- Russian central bank: Dollar to remain main reserve currency for some time
- OECD’s Gurria: Dollar will have its ups and downs, but will continue as reserve currency
- Japan senior MOF official: Doesn’t expect G20 to discuss dollar as key currency
- German Fin Min Steinbrueck: Euro would be threatened if Stability and Growth Pact not taken seriously
- UK Q-4 final GDP unexpectedly revised lower, to -1.6% q/q from -1.5% and to -2.0% from -1.9%
It started out oh so calmly this morning, then a run of official comments lit the fuse and all hell broke lose with the dollar seeing across the board gains (usd/jpy a notable exception.)

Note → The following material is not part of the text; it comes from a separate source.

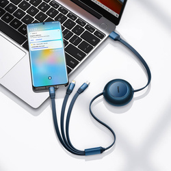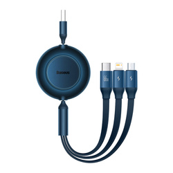 Baseus Bright Mirror 2 zwijany kabel przewód 3w1 USB Typ A - micro USB + Lightning + USB Typ C 66W 1.1m niebieski (CAMJ010103)

Comments from the Russian central bank, Japanese MOF official, and to a lesser extent an OECD official gave reassurance the dollars’ reserve currency status isn’t in any danger.
But the really big comment came from German Finance Minister Steinbruek who opined that the euro would be threatened if the Stability and Growth Pact (SGP) wasn’t taken seriously.
The SGP is an agreement by EU member states related to their conduct of fiscal policy (i.e. to avoid excessive deficits), to facilitate and maintain Economic and Monetary Union of the European Union.
The pounds’ cause wasn’t helped any by the unexpected downward revision to Q-4 GDP.
USD/JPY remained relatively quiet. Ongoing reports of year-end JPY demand helped curtail dollar gains there.